A maioria das pessoas com lesão em chicote se recupera bem em semanas a poucos meses. A cronificação não é o destino esperado, e há muito o que fazer para favorecer a boa recuperação desde o início.

Sintomas: o que esperar nos primeiros dias
Um detalhe característico do chicoteamento cervical é o atraso: muita gente sai do acidente sem dor e só percebe os sintomas algumas horas depois, ou na manhã seguinte. Isso é esperado e não significa agravamento.

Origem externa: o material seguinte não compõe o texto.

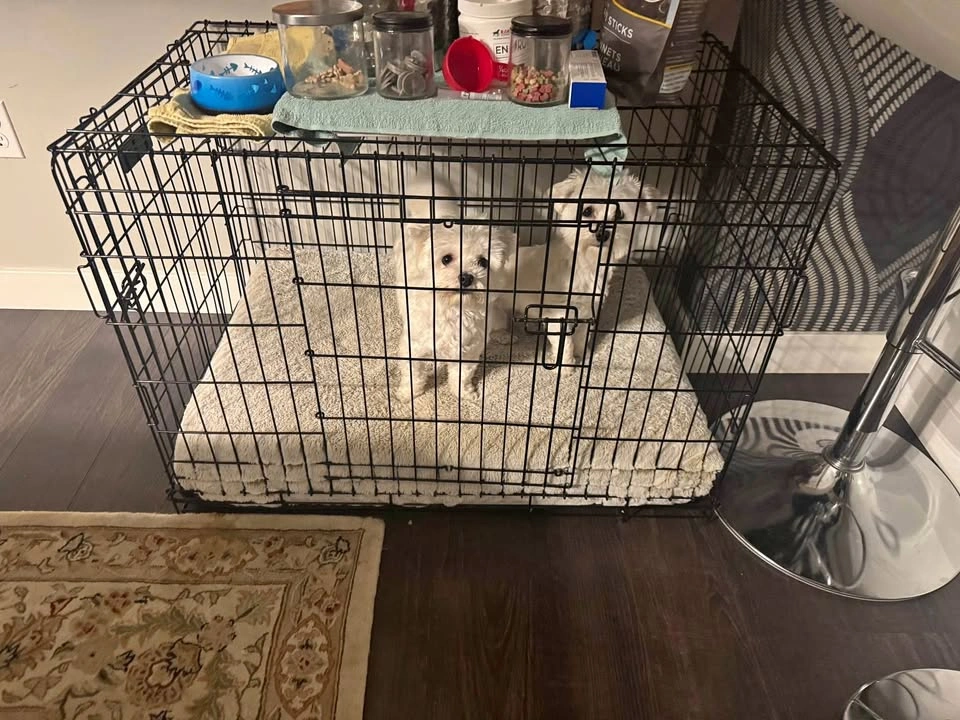 Metal dog crates, 2 available. Can fit 2 small dogs, or 1 medium dog. 2 doors, one on long side one on short side.

A queixa central é a dor e a rigidez cervical, com dificuldade e dor para girar ou inclinar a cabeça, em geral acompanhadas de tensão na musculatura da nuca e do trapézio.
Ao lado da dor no pescoço, outros sintomas aparecem com frequência e costumam assustar mais do que deveriam. A cefaleia (dor de cabeça), em geral começando na nuca e subindo para a parte de trás da cabeça, é comum e reflete a origem cervical da dor. A tontura e a sensação de desequilíbrio, conhecidas como tontura de origem cervical, surgem pela alteração da informação que os receptores do pescoço enviam ao sistema de equilíbrio. Pode haver ainda parestesia (formigamento ou dormência) em ombros e braços, dor que irradia para a escápula, dificuldade de concentração, irritabilidade e distúrbio do sono nas primeiras semanas.

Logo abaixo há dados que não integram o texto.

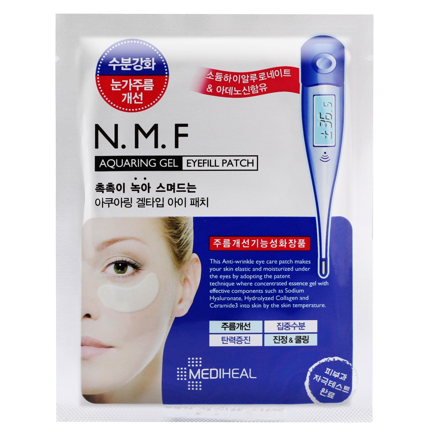 - REDUCES WRINKLES AND DARK CIRCLES: Don’t let your smile fade just because of a wrinkled eye contour or those puffy dark circles. Beauty Clinic Mediheal N.M.F Aquaring Gel Eye Fill Patch Mask hydrates and regenerate skin. It forms a moisture coating film and induces moist energy deep into the skin.

A maior parte desses sintomas é benigna e tende a ceder à medida que a inflamação local diminui e o pescoço volta a se mover. O ponto de atenção é distinguir o desconforto esperado da distensão de sinais que indicam algo mais sério, tema da próxima seção. Como referência prática, vale conhecer os sintomas mais frequentes e a ordem em que costumam aparecer.
- Dor e rigidez no pescoço. O sintoma principal, muitas vezes com início tardio, horas após o trauma.

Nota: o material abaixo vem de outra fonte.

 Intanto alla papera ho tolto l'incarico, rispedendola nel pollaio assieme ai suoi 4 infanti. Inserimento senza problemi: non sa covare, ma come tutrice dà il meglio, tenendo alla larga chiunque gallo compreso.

- Dor de cabeça. Costuma nascer na nuca e subir, refletindo a tensão da cervical alta.
- Tontura cervical. Sensação de instabilidade ligada à alteração dos receptores do pescoço.
- Formigamento nos braços. Parestesia que, sem fraqueza, costuma ser referida e transitória.
Sentir dor no pescoço apenas no dia seguinte ao acidente é o padrão, não a exceção, e não quer dizer que a lesão piorou. O que orienta a conduta é a presença ou ausência de sinais de alerta, não o atraso no início da dor.
Classificação de Quebec (WAD)
Para padronizar a gravidade e orientar a conduta, usa-se a classificação de Quebec dos distúrbios associados ao whiplash (WAD). Ela divide o quadro em graus, de 0 a 4, conforme os sinais ao exame, e tem um valor prático direto: a maioria absoluta dos casos atendidos fora de um pronto-socorro de trauma se concentra nos graus 1 e 2, justamente os que melhor respondem à reabilitação precoce. Os graus mais altos são incomuns e mudam completamente a abordagem.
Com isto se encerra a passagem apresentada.